You know how much threat ISIS represents to the United States? None. That's how much. Exactly none. If there was a value less than none, then it would be that, but there's not, so none is the answer.And on September 10.
You know what does represent a threat to the the United States, a bona fide danger to our continued existence as the land of the semi-free and occasionally bravish? Acting as if every person who says they want to turn the United States into dictatorial hell hole, is capable of making the United States their bitch. ... As the Deputy Undersecretary of Pogo might say, we have determined the source of the threat, and we're it.
Look, I've said it before and I still believe every word. ISIS represents no threat to the United States. None.ISIS the Sunni extremist group capable of carrying out local atrocities and defeating dispirited Shiite forces in areas where they are not welcome certainly exists. ISIS the terrifying force capable of reshaping the world does not. It never did.
Are there terrorists in this world who would like to give us a bloody nose? Absolutely. You know what? You've already surrendered an astounding amount of your personal privacy in the name of enabling agencies to reduce that threat. Stop being so eager to bend over and give the little that remains.

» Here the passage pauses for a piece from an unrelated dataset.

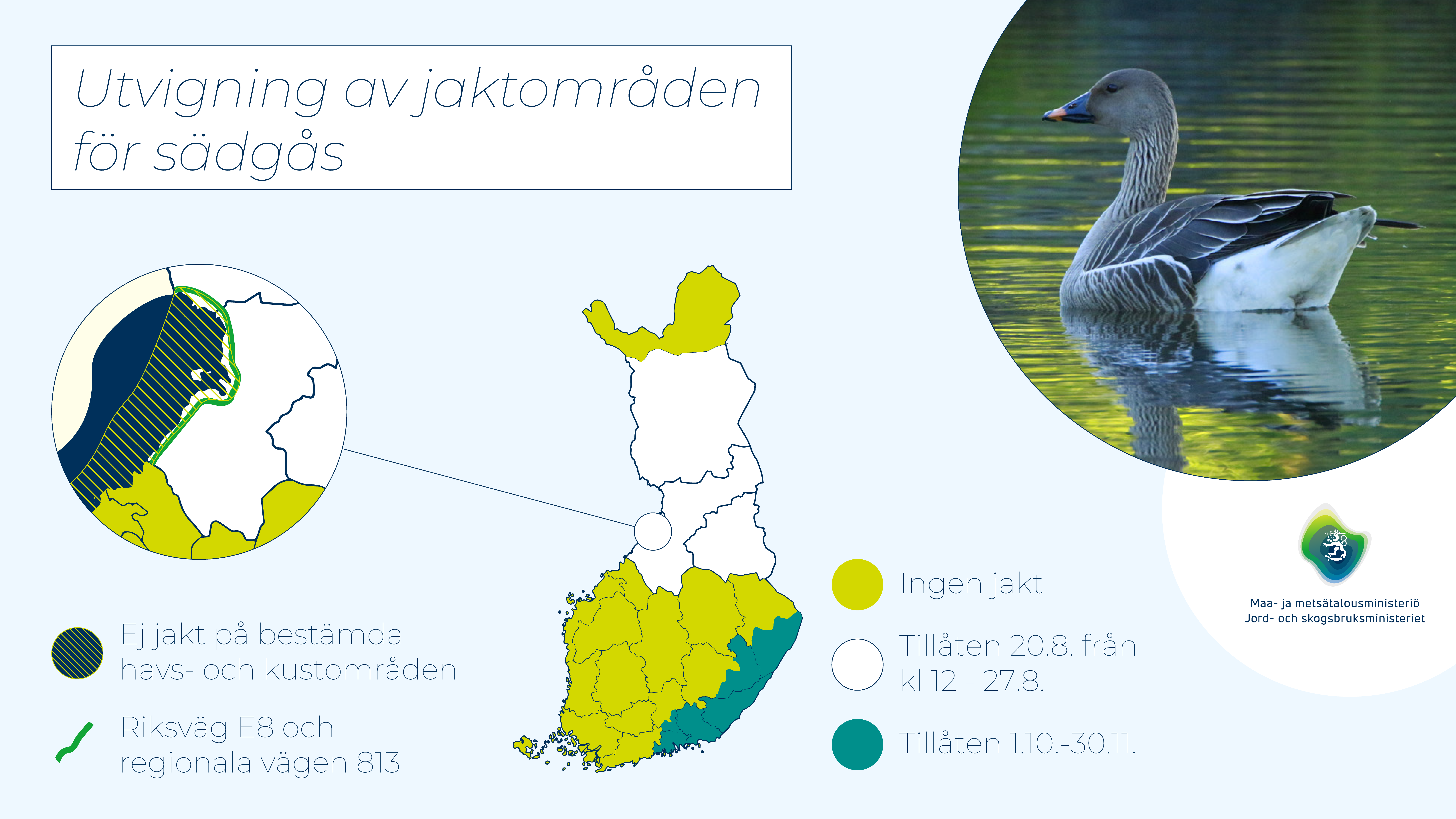 I sädgåsens häckningsområden i norra Finland är jakt på sädgås tillåten från den 20 augusti 2024 kl. 12 till den 27 augusti 2024 i landskapen Kajanaland, Lappland och Norra Österbotten, med undantag av kommunerna Enare, Enontekis och Utsjoki samt havssidan av riksväg E8 och den regionala vägen 813.
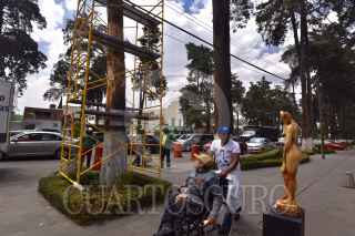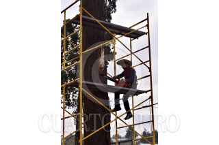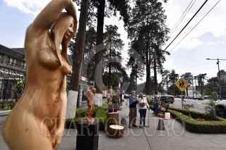 TOLUCA, ESTADO DE MÉXICO, 07ABRIL2019.- Los artistas Philip Zarkin, Jesús Nonato y Filiberto Jacales, participarán en el proyecto Tallando Vida, que consiste en convertir en esculturas los troncos de árboles que cumplieron su ciclo de vida en Paseo Colón, y para no derribarlos completamente, serán intervenidos por los artistas. FOTO: ARTEMIO GUERRA BAZ /CUARTOSCURO.COM

They're not going away tomorrow. They're going to win more battles, but they're going to lose a lot more.
In the real world, the rubber tree plant does not go down to an ant, no matter how hard the ant waves a scary flag. ISIS is not going to conquer Iraq. It's not going to conquer Syria. It's not going to maintain its hold on the tangle of towns connected by highways that constituted the Islamic State at its peak. At best (where "best" is defined from the ISIS POV) it's going to take its place as one of many squabbling factions.
Who knows. Two years from now, when the next Sunni militia group threatens to tear across the region, maybe ISIS will be part of the coalition trying to stop them. By then, we'll probably forget they're supposed to be the bad guys. After all, the new guys will also be brown, and that'll be plenty scary enough to make them part of the 2016 news cycle.
As soon as the media and the GOP work out how to blame them on Hillary.